Quantification of labelling via single-molecule photobleaching analysis: Single Molecule Imaging
Total internal reflection fluorescence microscopy (TIRF) was utilized to quantify the number of fluorescent dyes per single protein. The setup consisted of an inverted microscope (Olympus IX71) equipped with a laser-based TIRFM illumination module (IX2-RFAEVA-2, Olympus) coupled to a diode-pumped solid-state green laser with 532 nm output (CrystaLaser). The beam position was adjusted using the illuminator to attain total internal reflection through a 60×, N.A. 1.45, oil-immersion objective (Olympus U PLAN SAPO). Fluorescence emission was collected through the objective and images were captured with an electron multiplied back illuminated charged coupled device (EMCCD) camera (CascadeII:512, Photometrics, Roper Scientific). The camera was controlled using Image-Pro Plus 5.1 (Media Cybernetics), capturing 8-bit 512 × 512 pixel images with an exposure time of 200 ms per frame, a conversion gain of 3, and a multiplication gain of 4095. Excitation was carried out at a full power setting (25 mW) with a power output of 6.6 mW measured at the objective.

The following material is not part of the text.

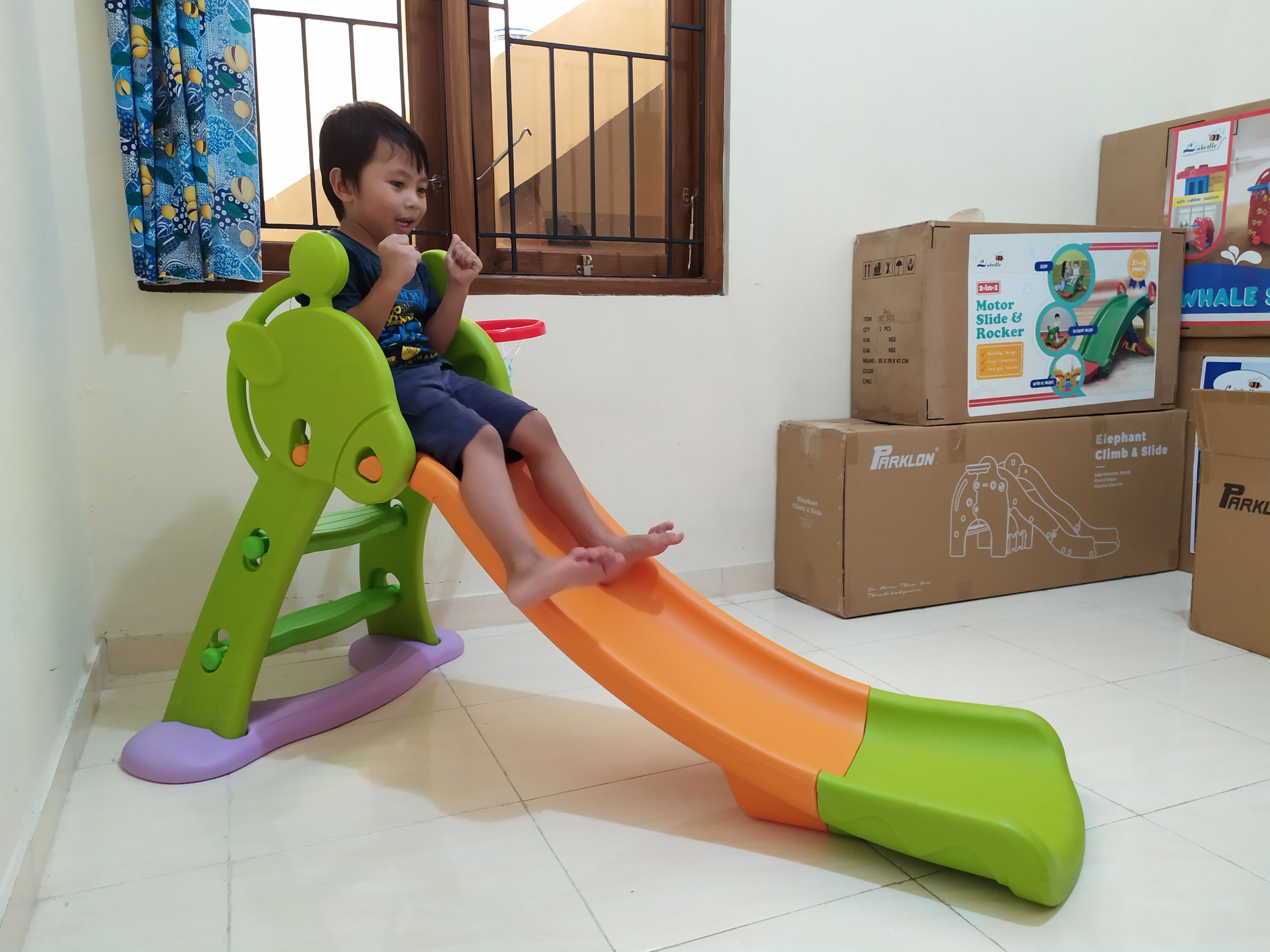Parklon Folding Slide perosotan lucu dengan ring basket. Material dari plastik aman bebas racun. Perosotan tidak terlalu tinggi juga tidak terlalu pendek cocok untuk anak-anak kecil. Parklon Slide dapat digunakan diluar ataupun didalam ruangan. Dapat dilipat jika tidak digunakan.

Quantification of labelling via single-molecule photobleaching analysis: Intensity analysis
A Matlab algorithm was utilized which first maps the ca. hundreds of single molecule spots and following background subtraction it then extracts intensity-time trajectories from the stack of images for each individual molecule. Upon inspecting individual trajectories, photobleaching events were observed as steps. The number of fluorophores per protein was next calculated from the number of photobleaching steps recorded.
In-gel BrCN digestion of labelled protein
An aliquot of the dye-labelled sample (20 μL) was combined with SDS sample buffer (4 μL, see “Sample preparation for single-molecule photobleaching analysis” above). Exceptionally, for dansyl-labelled (1b) samples, an aliquot (500 μL) was first concentrated (to 20 μL) with a centrifugal filter (10 kDa MWCO, Millipore) before combination with SDS sample buffer (4 μL). Samples were boiled for 1 min and separated by SDS-PAGE using a classical vertical separation system. The appropriate bands were excised, washed and treated with cyanogen bromide34. The resulting peptides were analysed by tricine-SDS-PAGE35. Optimal resolution was achieved with a 1.7 mm thick gel when a 10% spacer gel was included between the 4% stacking gel above and the 16%/6 M urea separating gel below. Gels were imaged with a Typhoon Trio + scanner using the Green-excited mode (λex = 532 nm) and the 580 nm band-pass filter (580 BP 30, which transmits light between 565 and 595 nm with a transmission peak centered on 580 nm).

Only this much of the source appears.